Всё это произошло очень быстро. Они просто забыли обо мне. Но Летиция опомнилась. Она посмотрела на меня, засмеялась и сказала, что так ей и надо, раз вышла замуж за обдирщика ондатры из Теннесси. Она умоляла меня не выходить замуж за обдирщиков ондатры, укус их смертелен. Лучше уж выйти за ядовитого ящера!

Даже в то время одно меня удивляло, но, правда, и восхищало тоже: Летиция часами прихорашивалась, наводила на себя красоту и в то же время не гнушалась самой грязной работы.
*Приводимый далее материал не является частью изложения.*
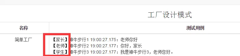 1 var sbSimpleFactoryLog = new StringBuilder(string.Empty); 2 3 SimpleFactory.MoSimpleFactory simpleFactory = new SimpleFactory.MoSimpleFactory(); 4 var p1 = simpleFactory.GetPeople(FactoryPattern.SimpleFactory.EmPeople.家长); 5 p1.Name = "神牛步行1"; 6 sbSimpleFactoryLog.AppendFormat("{0}", p1.Say("老师你好")); 7 var p2 = simpleFactory.GetPeople(FactoryPattern.SimpleFactory.EmPeople.老师); 8 p2.Name = "神牛步行2"; 9 sbSimpleFactoryLog.AppendFormat("{0}", p2.Say("你好,家长")); 10 11 var p3 = simpleFactory.GetPeople(FactoryPattern.SimpleFactory.EmPeople.学生); 12 p3.Name = "神牛步行3"; 13 var say3 = p3.Say(string.Format("我是学生{0},老师您好。", p3.Name)); 14 sbSimpleFactoryLog.AppendFormat("{0}", say3); 15 ViewBag.SimpleFactoryLog = sbSimpleFactoryLog;

Все ногти, бывало, себе обломает. Ходила в лес и на болота с Бредом и этим Лупоглазым и возвращалась оттуда потная, грязная и весёлая. Словно это были два разных человека или же один, разделённый как раз пополам. Ей, казалось, надо хватать самое разное в жизни. В ней кипела энергия. Плавала она замечательно, лучше всех, и когда Бред купил моторку, великолепно управлялась с аквалангом, вытворяла разные штуки, которым, видно, научилась во Флориде, а может, и на Ривьере во Франции. Тут, в Фидлерсборо, она полдня проводила на реке либо с Бредом, либо давая уроки плавания гёрл-скаутам. Хотите верьте, хотите нет, она и в самом деле подружилась с гёрл-скаутами, зимой давала им уроки кройки и шитья, учила, как мазать губы и втягивать живот. В ту зиму она даже ходила в церковь и помогала на благотворительных базарах.
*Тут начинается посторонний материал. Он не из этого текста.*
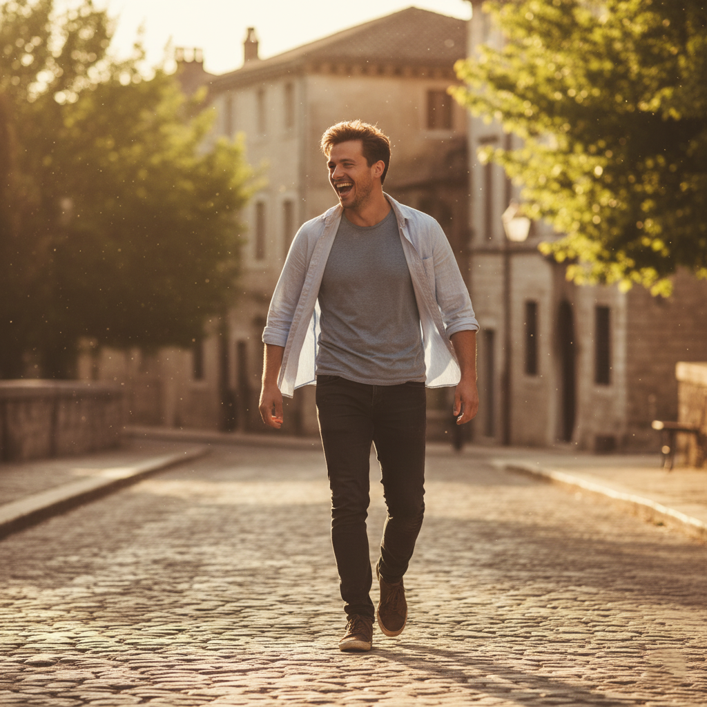 Walking while laughing is one of the most natural and cinematic poses there is. This idea combines movement and emotion, creating an image full of dynamism and authenticity. The key is not to look directly at the camera, but to let your body flow with the stride, as if the laughter arose during a conversation or a joyful thought. It’s an ideal pose for outdoors, especially in streets, parks, or open paths, where the surroundings provide context and depth to the photograph.

Но надо сказать, что летом на неё иногда нападала полнейшая лень. Она натягивала в саду, поближе к реке, простыню, чтобы её не было видно из дома, подстилала под себя полотенце и лежала голая. Уверяла, что, раз она рыжая, ей надо стараться, чтобы не быть похожей на варёного рака, а стать полосатой, как Сьеннский собор, — уж не знаю, какой он есть, этот собор, — она тоже себе не позволит. Она хочет целиком покрыться красивым ровным тоном, чего и добилась: стала сочного золотисто-коричневого цвета — её даже не портили редкие веснушки на потрясающих плечах, — совсем как спелая груша. Мне бояться солнца было нечего, я ведь смуглая, но лежать там значило быть с ней, поэтому я тоже натиралась маслом. Я и сейчас помню свежий, душистый запах этого масла, уже не знаю, какое оно там было, в её коллекции притираний.

Мы лежали раздетые до нитки, изредка сквозь дремоту втирали масло друг другу в спины или поворачивались на другой бок. Она умела быть такой естественной во всём — и в том, что была голая, и как лежала. Вернее сказать, целомудренной. Вытянется, как кошка, пошевелит для разминки ступнями, поиграет пальцами ног, иногда повертит бёдрами, а потом лежит неподвижно, даже глаза закроет и, кажется, куда-то уносится, так она умела расслабиться, а то и скажет что-нибудь мне, словно тихо прошелестит, даже фразу порой не кончит, замрёт на полуслове и задремлет. Иногда она делала гимнастику. «Если ты такая высокая, — говорила она, — следи за собой в оба. Сбережёшь талию — всё будет твоё». И сгибалась и вертелась. Хотя, казалось, ей-то не о чем беспокоиться.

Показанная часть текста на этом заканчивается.